And the results of cmds: $ echo $DATABASE_URL

$ pwd

/Users/laihuiying/Workspace/PythonEnv/scrapydweb

$ cat scrapydweb_settings_v10.py | grep DATABASE_URL

DATABASE_URL = 'mysql://root:1@127.0.0.1:3306'

Thx for your patience !

my8100 commented 4 years ago

What’s the result of this cmd now?

$ python -c "from scrapydweb_settings_v10 import DATABASE_URL; print(DATABASE_URL)"
LcodingL commented 4 years ago

mysql://root:1@127.0.0.1:3306

my8100 commented 4 years ago

Can you post the screenshot of the related info in the Settings page?

LcodingL commented 4 years ago

Ive tried many times to upload screenshot but failed every time T.T

my8100 commented 4 years ago

Then just post the text.

LcodingL commented 4 years ago

For easy-reading,ive removed all the comments:

DATA_PATH = os.environ.get('DATA_PATH', '')

DATABASE_URL = 'mysql://root:1@127.0.0.1:3306'

my8100 commented 4 years ago

Actually, I’m asking for the value of DATABASE displayed on the web UI. How did you judge that the config in the file is not working?
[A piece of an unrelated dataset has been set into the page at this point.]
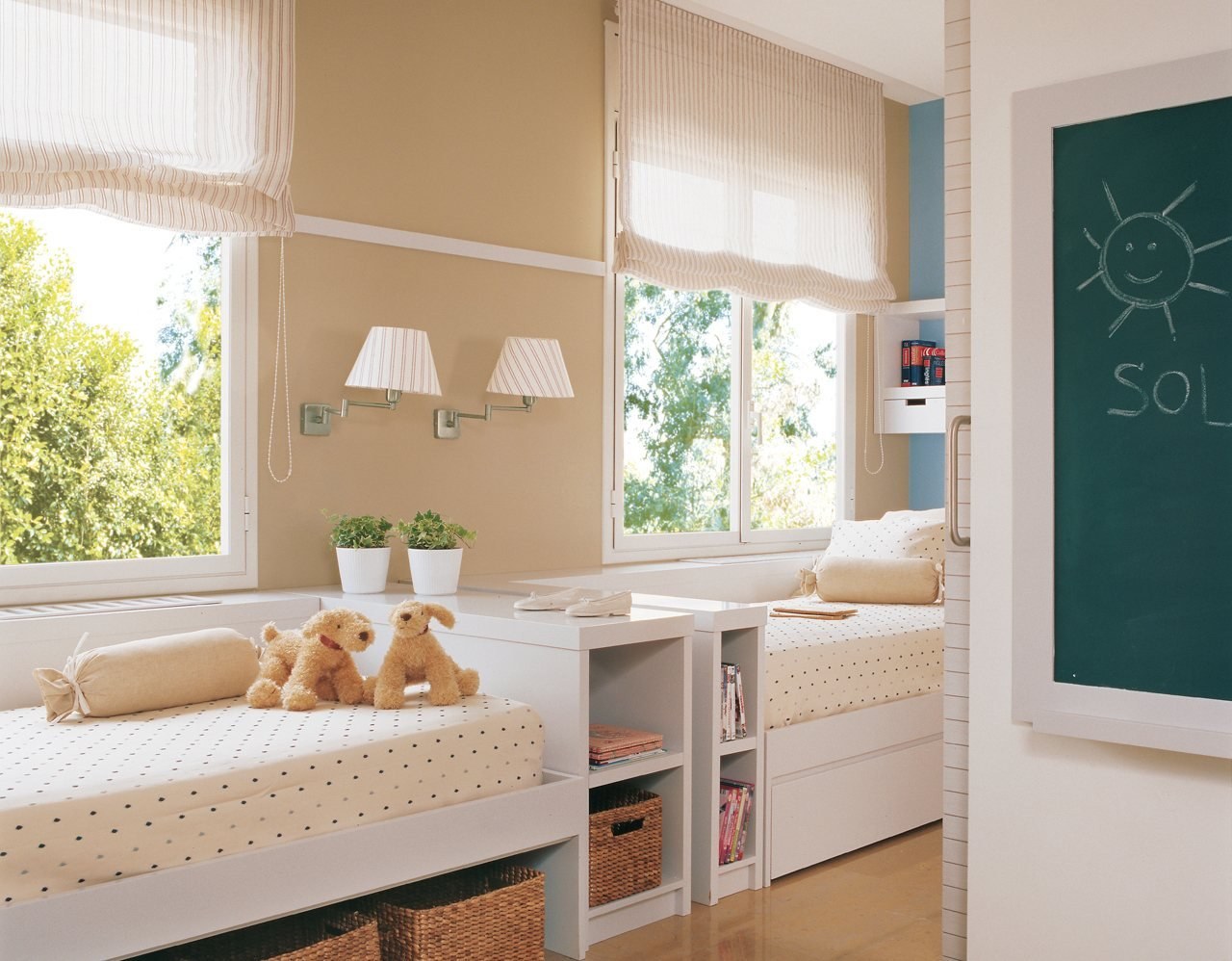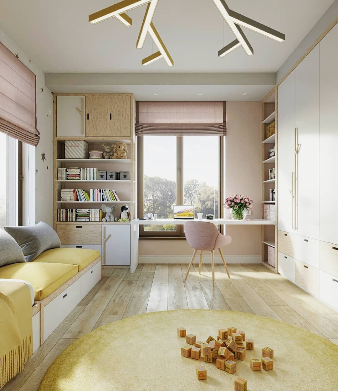 Детская комната с двумя окнами

For convenience, you can execute $ export SCRAPYDWEB_TESTMODE=True and restart scrapydweb to see which backend is being used behind the scenes.

LcodingL commented 4 years ago

I judge from the DATABASE displayed on the web UI:

{ "APSCHEDULER_DATABASE_URI": "sqlite:////Users/laihuiying/Workspace/PythonEnv/scrapydweb/lib/python3.6/site-packages/scrapydweb/data/database/apscheduler.db", "SQLALCHEMY_DATABASE_URI": "sqlite:////Users/laihuiying/Workspace/PythonEnv/scrapydweb/lib/python3.6/site-packages/scrapydweb/data/database/timer_tasks.db", "SQLALCHEMY_BINDS_METADATA": "sqlite:////Users/laihuiying/Workspace/PythonEnv/scrapydweb/lib/python3.6/site-packages/scrapydweb/data/database/metadata.db", "SQLALCHEMY_BINDS_JOBS": "sqlite:////Users/laihuiying/Workspace/PythonEnv/scrapydweb/lib/python3.6/site-packages/scrapydweb/data/database/jobs.db" }

And no related database was created.

my8100 commented 4 years ago

Adding sys.path.append(os.getcwd()) before the try clause would fix the issue. lt’s /Users/laihuiying/Workspace/PythonEnv/scrapydweb/lib/python3.6/site-packages/scrapydweb/vars.py for your case.

Thanks for your support!

https://github.com/my8100/scrapydweb/blob/8104386438cb7e18e5b619c53aedf22dc5bb8954/scrapydweb/vars.py#L18-L21

LcodingL commented 4 years ago

Hi sorry for the delay Ive added that line before the try clause and restarted scrapydweb and it worked! Thank you so much for the helpful share and consistent dedication to make it better!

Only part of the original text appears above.